I've seen some products implement a primary/standby failover method with pacemaker and it seems to work, but again we don't recommend it.

Once you get a single slurmctld process up, adding the second is just a matter of adding the 
BackupController=
BackupAddr=

lines to the configuration, ensuring that the 
StateSaveLocation=
is accessible on both systems, and starting slurmctld on both.

I'd recommend sticking with a single slurmdbd instance, against a non-HA MySQL - all of Slurm's database interactions are cached in the event that slurmdbd is unavailable, and it's less complex than introducing MySQL replication into the mix.
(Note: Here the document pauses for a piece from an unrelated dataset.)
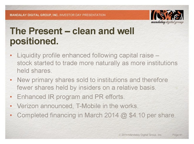 The Present – clean and well positioned. • NASD - listed as of June 6, 2013 – profile enhanced but only one piece of the puzzle. • Completed financing in August 2013 @ $2.48 per share – important transaction for Company. • Re - equitized the balance sheet in complete de - levering transaction. • All value inures to the benefit of the shareholders – no longer ‘working for the debt holders.’ MANDALAY DIGITAL GROUP, INC. INVESTOR DAY PRESENTATION © 2014 Mandalay Digital Group, Inc. Page 40

Simpler is better from our perspective - the fewer technologies in the mix the less there is to troubleshoot.

Please let me know if you run into any problems when testing, or need further details.

- Tim

Comment 5 Koji Tanaka 2016-02-11 11:43:43 MST

Dear Tim,

thank you for your quick reply and the information.
We will test on our test cluster the configuration you recommended and we will go from there.

Thank you so much for the clarification.

Best regards

Comment 6 Tim Wickberg 2016-02-11 11:56:37 MST

Certainly.

I'm going ahead and marking this as resolved/infogiven for now, please re-open if you have further questions.